Robertson could not say whether hurricanes and earthquakes have been irregular in the past.
Continuing, he opined,
If you read back in the Bible, the letter of the apostle Paul to the church of Thessalonia [sic], he said that in the latter days before the end of the age that the Earth would be caught up in what he called the birth pangs of a new order. And for anybody who knows what it's like to have a wife going into labor, you know how these labor pains begin to hit. I don't have any special word that says this is that, but it could be suspiciously like that.
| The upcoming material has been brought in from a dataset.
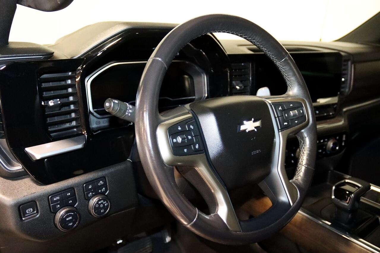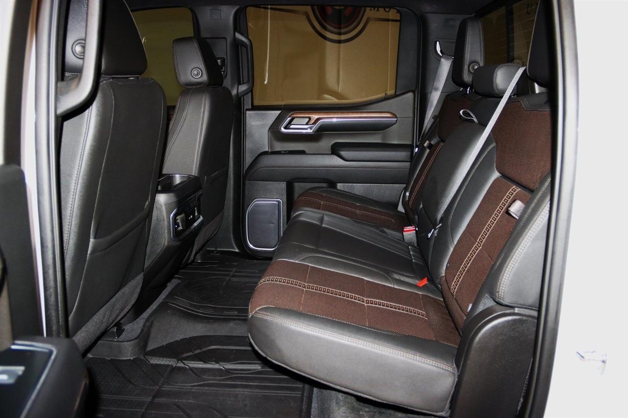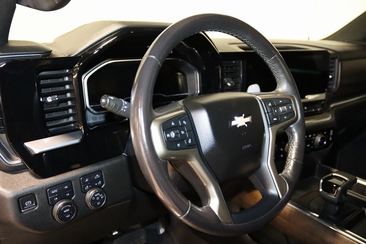 Bluetooth, Back Up Camera, Towing, Touch Screen, 10-Way Power Driver Seat w/Lumbar, 10-Way Power Passenger Seat Adjuster w/Lumbar, 12.3" Multicolor Reconfigurable Digital Display, 120-Volt Bed Mounted Power Outlet, 120-Volt Instrument Panel Power Outlet, 170 Amp Alternator, 2 USB Data Ports, 2nd Row Heated Outboard Seats, 3.23 Rear Axle Ratio, 4-Wheel Disc Brakes, 7 Speakers, ABS brakes, Air Conditioning, Alloy wheels, AM/FM radio: SiriusXM with 360L, Apple CarPlay/Android Auto, Auto High-beam Headlights, Auto-dimming door mirrors, Auto-Dimming Inside Rear-View Mirror, Auto-dimming Rear-View mirror, Auto-Locking Rear Differential, Automatic Emergency Braking, Automatic temperature control, Bed View Camera, Bluetooth® For Phone, Body-Color Painted Mirror Caps, Bodyside moldings, Brake assist, Bumpers: body-color, Chevrolet Connected Access Capable, Chevytec Spray-On Black Bedliner, Chrome Assist Steps, Chrome Recovery Hooks, Color-Keyed Carpeting Floor Covering, Compass, Deep-Tinted Glass, Delay-off headlights, Driver door bin, Driver Memory, Driver vanity mirror, Dual Exhaust w/Polished Outlets, Dual front impact airbags, Dual front side impact airbags, Dual Rear USB Ports (Charge Only), Electric Rear-Window Defogger, Electrical Steering Column Lock, Electronic Cruise Control, Electronic Stability Control, Electronic Transmission Range Selector Shifter, Floor Mounted Center Console, Following Distance Indicator, Forward Collision Alert, Front anti-roll bar, Front Bucket Seats, Front Carpeted Floor Mats, Front Center Armrest, Front dual zone A/C, Front fog lights, Front LED Fog Lamps, Front Pedestrian Braking, Front Rainsensing Wipers, Front reading lights, Front wheel independent suspension, Fully automatic headlights, Garage door transmitter, Genuine wood console insert, Genuine wood dashboard insert, Genuine wood door panel insert, HD Surround Vision, Heated door mirrors, Heated Driver & Front Outboard Passenger Seats, Heated front seats, Heated rear seats, Heated Steering Wheel, Heated steering wheel, High Capacity Suspension Package, Hitch Guidance, Hitch Guidance w/Hitch View, Illuminated entry, Integrated Trailer Brake Controller, IntelliBeam Automatic High Beam On/Off, Keyless Open & Start, Lane Keep Assist w/Lane Departure Warning, LED Cargo Area Lighting, Low tire pressure warning, Memory seat, Occupant sensing airbag, OnStar & Chevrolet Connected Services Capable, Outside Heated Power-Adjustable Mirrors, Outside temperature display, Overhead airbag, Overhead console, Panic alarm, Passenger door bin, Passenger vanity mirror, Perforated Leather Seat Trim, Perimeter Lighting, Power door mirrors, Power driver seat, Power Front Passenger Windows w/Express Up/Down, Power Front Windows w/Driver Express Up/Down, Power passenger seat, Power Rear Windows w/Express Down, Power Sliding Rear Window w/Rear Defogger, Power steering, Power Tailgate, Power Tilt & Telescoping Steering Column, Power windows, Premium audio system: Chevrolet Infotainment 3 Premium, Premium Bose 7-Speaker Sound System, Radio data system, Radio: Chevrolet Infotainment 3 Premium System, Rain sensing wipers, Rear Carpeted Floor Mats, Rear Cross Traffic Alert-Braking, Rear Pedestrian Alert, Rear reading lights, Rear seat center armrest, Rear step bumper, Rear Wheelhouse Liners, Rear window defroster, Remote keyless entry, Remote Vehicle Starter System, Safety Alert Seat, Security system, SiriusXM w/360L, Speed control, Speed-sensing steering, Split folding rear seat, Standard Tailgate, Steering Wheel Audio Controls, Steering wheel mounted audio controls, Tachometer, Telescoping steering wheel, Theft Deterrent System (Unauthorized Entry), Tilt steering wheel, Traction control, Trailer Camera Provisions, Trailer Side Blind Zone Alert, Trailering App, Trailering Package, Trip computer, Ultrasonic Front & Rear Park Assist, Universal Home Remote, Up-Level Rear Seat w/Storage Package, Variably intermittent wipers, Ventilated Driver & Front Passenger Seats, Ventila

Such a text does not exist in the "the letter of the apostle Paul to the church of Thessalonia," that is, in either letter to the church in Thessalonica. Robertson was apparently trying to recall the statement of Jesus in Matthew 24:7-8 and parallels, actually quoted in the article linked above, though not by Robertson. He further assumes that Jesus' statement is about increased frequency or more regular occurrence of such disasters, even though the text says nothing of any increase, rather than simply their ongoing occurrence despite the coming of God's kingdom, an idea that coheres with the context of Jesus' remarks.
Robertson denied himself additional points in the Most Embarrassing standings by not claiming oracular powers of interpretation in this instance. WorldNet Daily notes:
Robertson was awarded some additional points for this statement, which, while not claiming divine revelation to interpret the Bible in this instance, does indicate that he expects such revelation occasionally and is willing to claim it publicly. Misnaming a biblical book and mis-citing a text while at the same time claiming oracular interpretation would constitute an embarrassment trifecta seldom achieved in international Christian Embarrassment competition.
When asked if the world was approaching that [final] moment, Robertson said, "It's possible. I don't have any special revelation [emphasis inserted] to say it is but the Bible does indicate such a time will happen in the end of time. And could this be it? It might be."
Robertson also received a few points for chauvinism with the clause "for anybody who knows what it's like to have a wife going into labor." Alert judges noted that this selection of words implies that men with wives who have experienced labor can understand a text about the onset of labor pains while women who have actually experienced labor are excluded.
Robertson's remark has prompted some observers of the Most Embarrassing Christian competition to call for a quick end to it. "Robertson is so far ahead, it's impossible to see how anyone could ever pass him," offered one informed fan. "Finding someone in bed with a live boy or a dead girl wouldn't be enough to pass Robertson now, as Jimmy Swaggert proved twenty years ago." But backers of Jerry Falwell insist that he may still have a bon mot left that can bring him back within striking distance.
I think to make this whole award thing work, you need to come up with a name for it. The first one that comes to my mind is "the Doofus," but that seems too generic. Another possibility is "the MEA" (as in mea culpa) for M(ost) E(mbarrassing) A(ward), but, again, it's too generic and, alas, too polite. Perhaps the best choice is simply to name it "the Pat Robertson." Then you would have a name that is (1) highly specific, (2) widely associated with "doofus" and "mea culpa," and (3) rarely mentioned in polite company.
This morning while drinking my coffee and channel surfing I came across The View. The only thing more comical than Robertson's comment was those women discussing Robertson's comment along with Star Jones offering her own theological spin. The Daily Show couldn't have done a better job.